» **About this task**:
Extract the stretch of lines that starts at the line with "Lejonhuvud i brons, ganska" and ends at the last line of the data below. Give it exactly, without pictures.

» **Source material**:
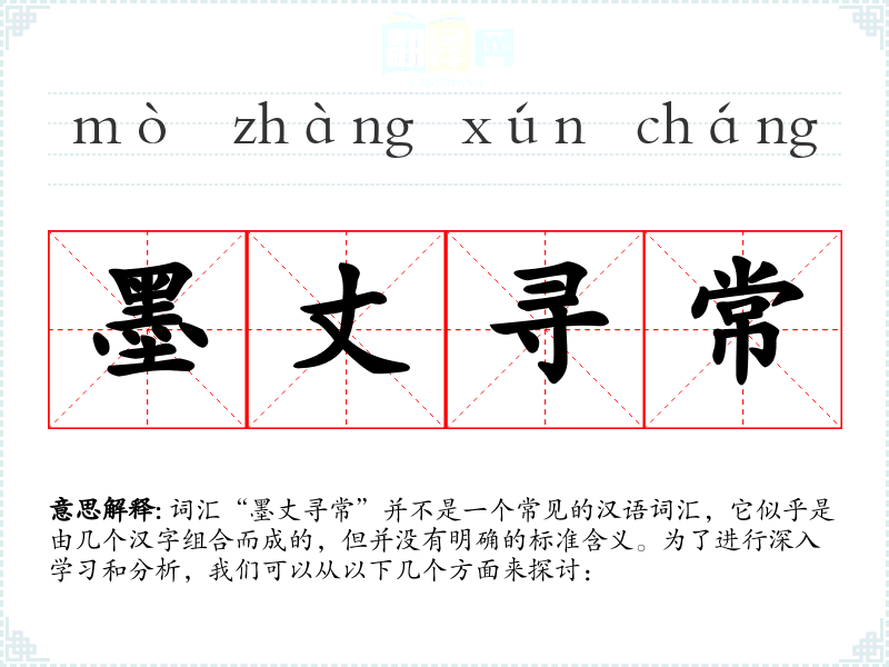 由于“墨丈寻常”不是一个标准词汇,我们无法对其进行深入的分析和理解。在语言学习和表达中,我们应该关注那些有明确含义和广泛应用的词汇,以确保沟通的准确性和有效性。
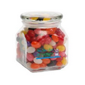 12 Oz. glass jar with glass top. Filled with chocolate covered espresso beans. 4 3/8" H x 3 1/2" D
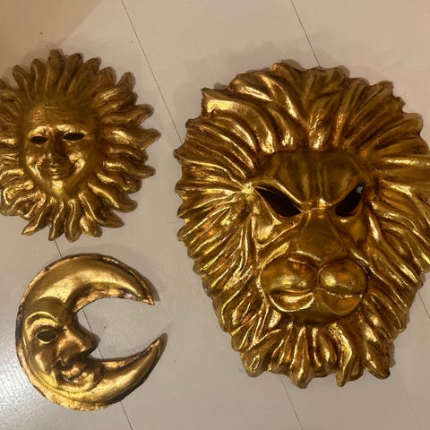 Lejonhuvud i brons, ganska stort, ca 50x30x40 cm. Fästes enkelt med två hål på baksidan. Hämtas i Kallebäck.
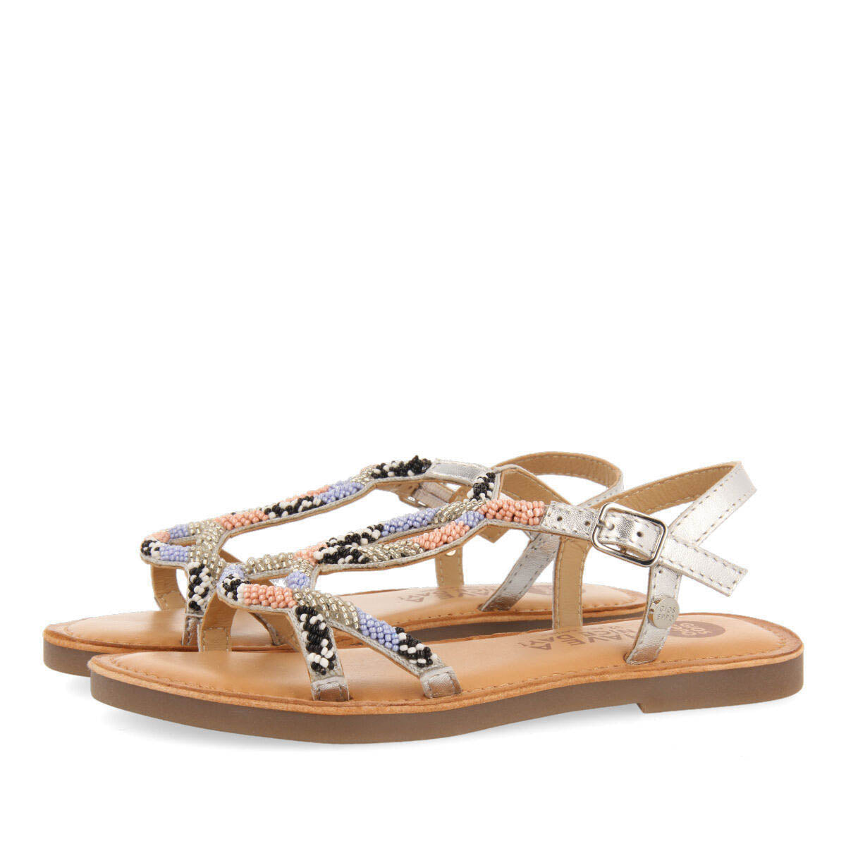 SANDALES EN PEAU AVEC DÉTAILS ETHNIQUES COULEUR BLEUE POUR FILLE CASOLE

» **Solution to the exercise**:
 Lejonhuvud i brons, ganska stort, ca 50x30x40 cm. Fästes enkelt med två hål på baksidan. Hämtas i Kallebäck.
 SANDALES EN PEAU AVEC DÉTAILS ETHNIQUES COULEUR BLEUE POUR FILLE CASOLE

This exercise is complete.